As we approach mid-June the S&P 500 is flirting with record highs, after technology stocks rallied and financials strengthened in expectation of a Fed rate rise. To the north, Canada’s central bank also looked to be set to raise rates, which caused that currency (CAD) to hit a two month high against the USD. In Europe, a strong showing from Emanuel Macron’s En Marche! party pointed towards a more stable backdrop to his policy initiatives, whereas in the UK the disappointing performance of the Conservative Party led to an increasingly gloomy outlook for the UK.
While this would seem to boost the prospects for Europe (ex-UK) and provide a firm foundation in the US, we remain wary of forecasts which are overwhelmingly exuberant for the US equity market. And these do exist, as we discovered at a meeting with a manager today.

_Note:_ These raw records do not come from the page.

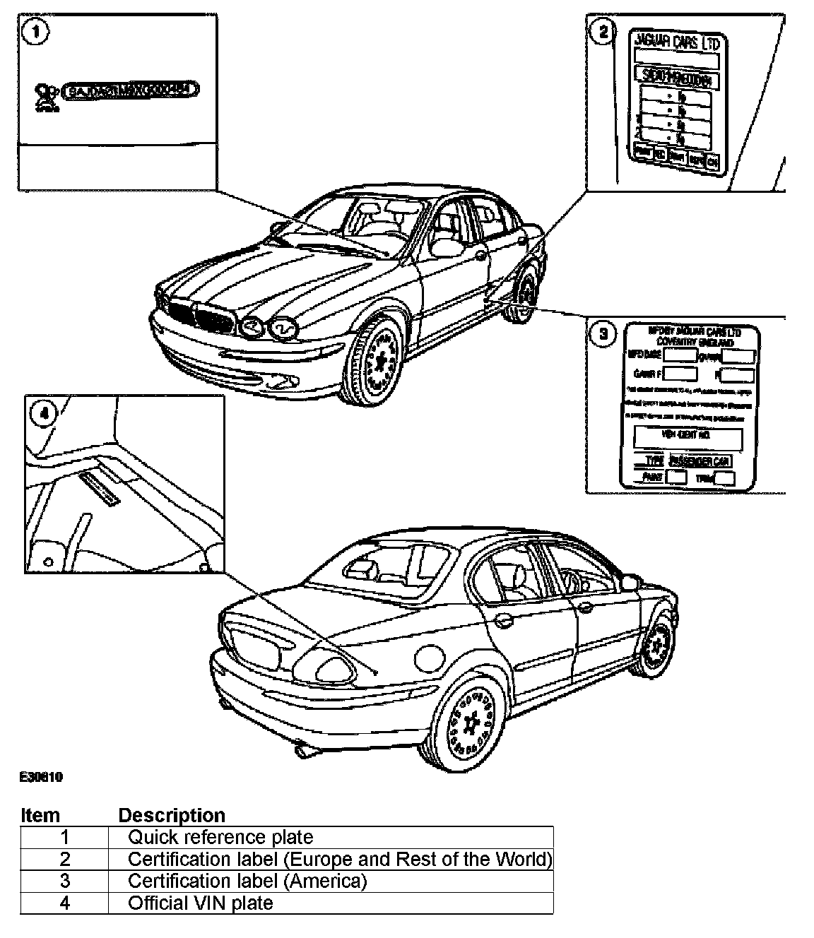 The vehicle identification number is also located on a vehicle certification label which is mounted on the bottom of the 'B' Post.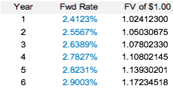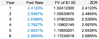 Note that the above implied forward rate derived from the above method is the same as those used to derive the Zero Coupon Curve from Section I above.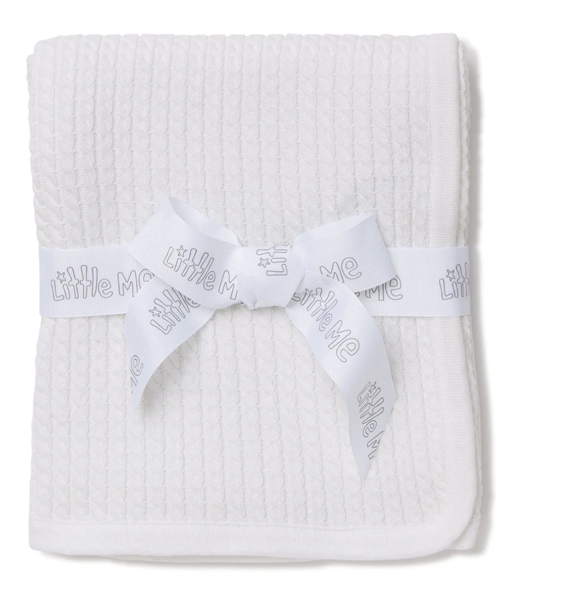 - Your little one will love our incredibly soft cable knit blanket. It is the perfect gift for any little girl or boy and tied with a Little Me ribbon.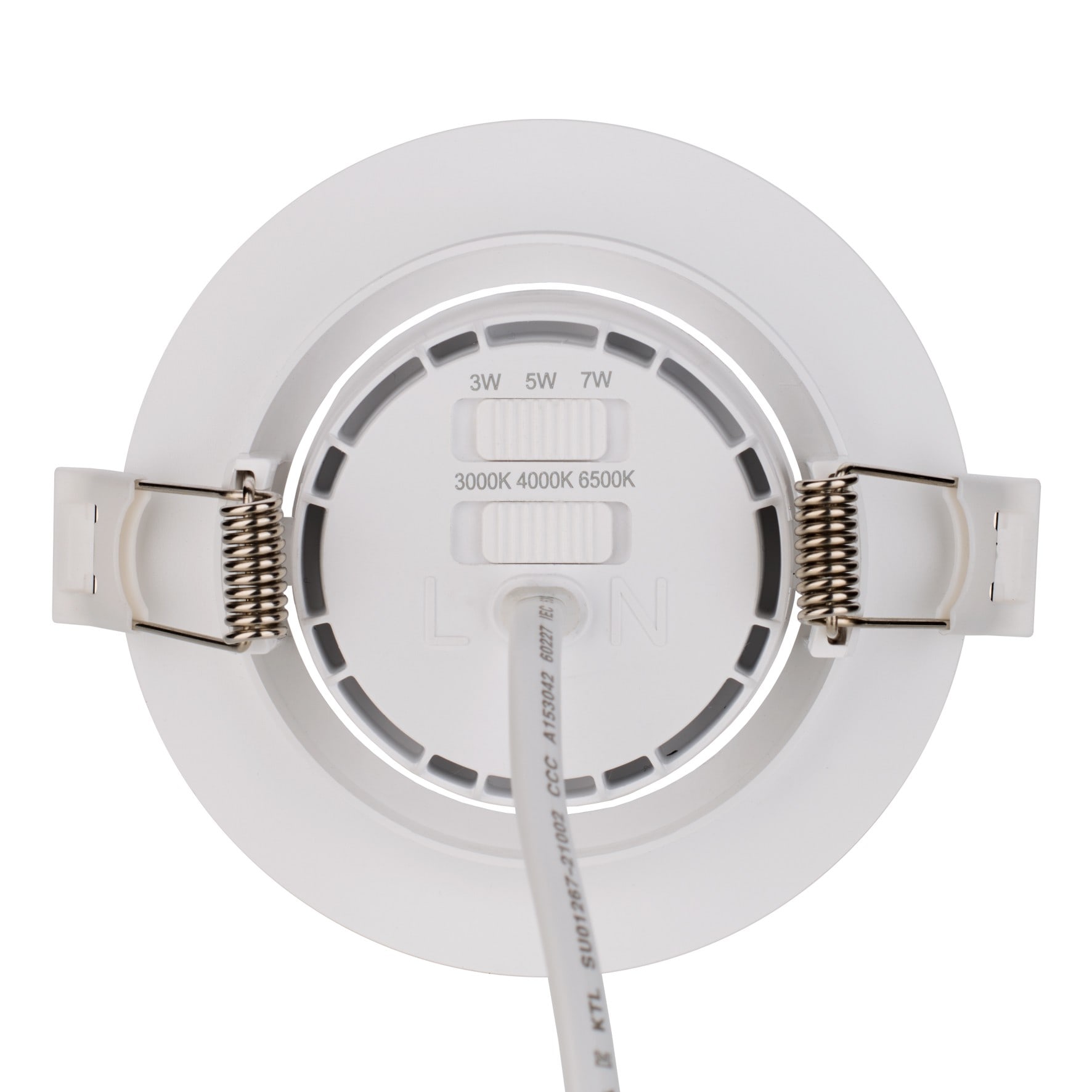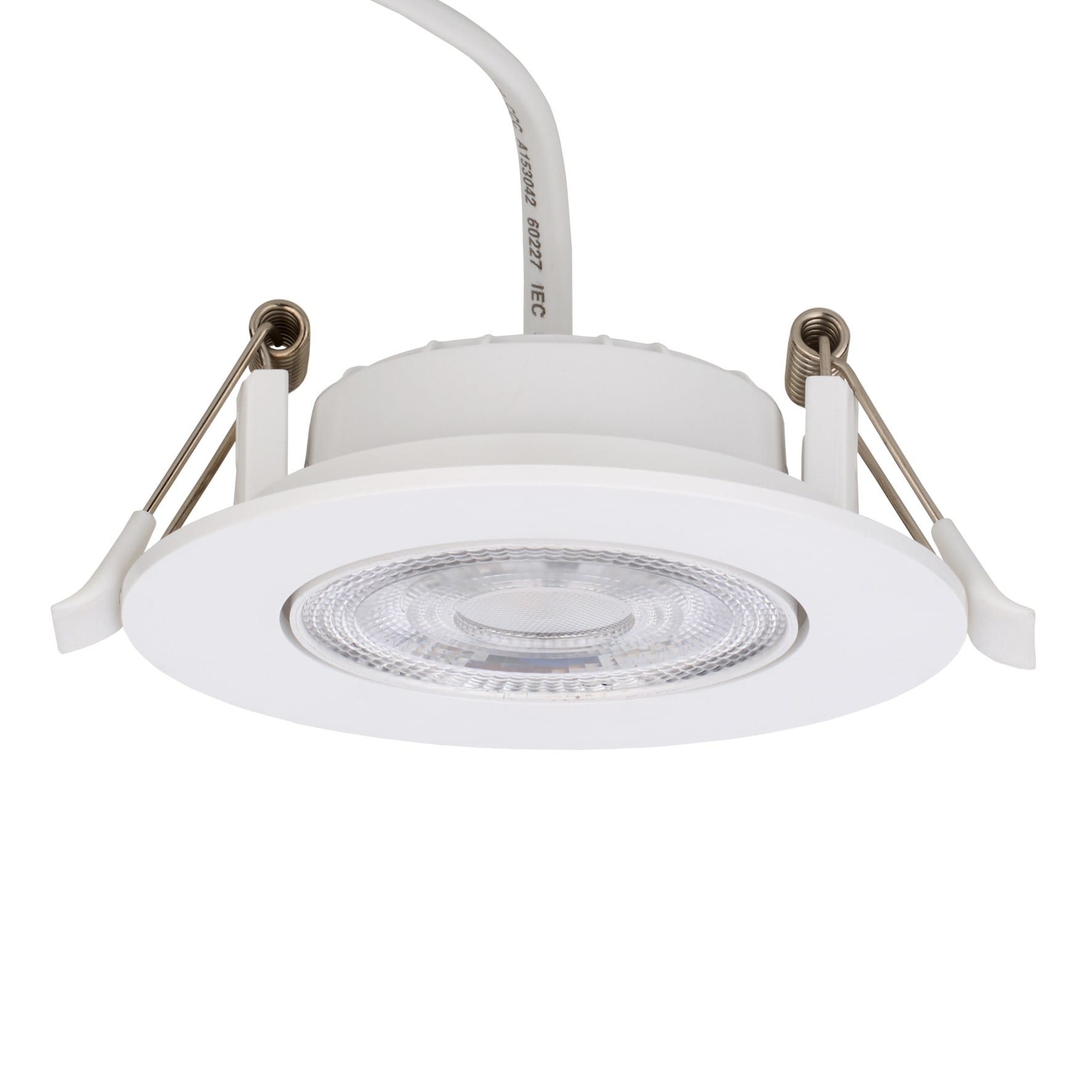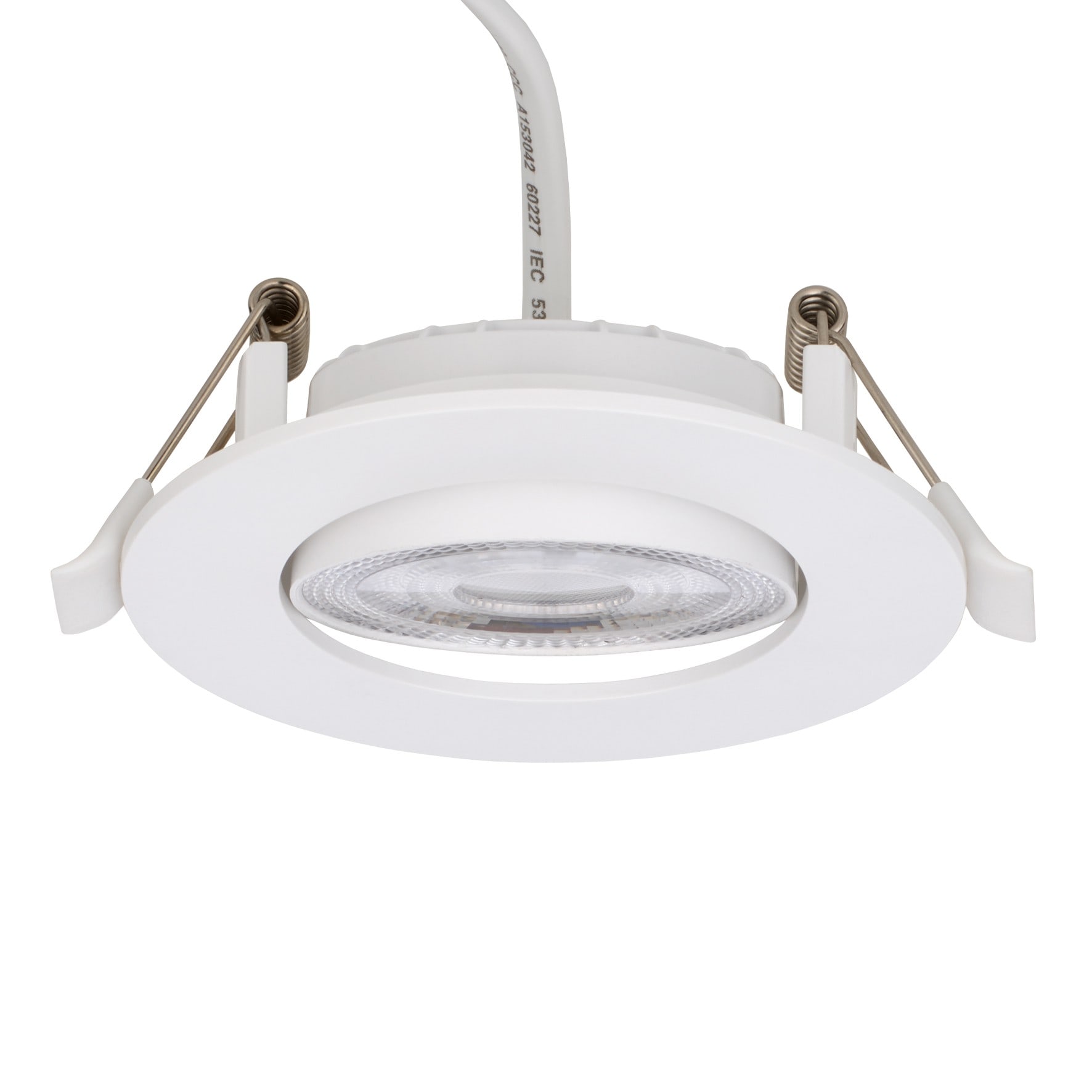 BAILEY LED Spot / Encastré Plafond Orientable Switch (sélecteur 3 teintes et 3 flux) 3W=220lm 5W=300lm 7W=500lm 3000K - 4000K - 6500K - Faisceau 38° - thermoplastique Blanc mat 90x25mm IP20 IK03 Pré-câblé 190mm 2x0.75mm² 230V-240V

The manager’s lofty projections included “Expect a great year for equities”, “Investor sentiment is finally improving”, “Stocks accelerate in bull market’s final third” and “Flat markets are usually followed by gangbuster ones”. It was good that we were seating while reading such lofty predictions. At this juncture, an absence of caution in predictions is a red flag, as is an absence of nuance and refinement in bullish sentiment. Is this blinkered view evidence of the final, dazzling, last gasp of a market that has run and run? We are very wary of such unbridled optimism, and would cite ongoing geo-political concerns, the impaired state of legislative progress, the resilience of short duration government bonds and the near record state of compressed volatility as evidence that we should be not at all complacent about the current state of market buoyancy. Just as June was the end (or nearly) of “May, Theresa”, high summer might snuff out markets’ Spring-like optimism.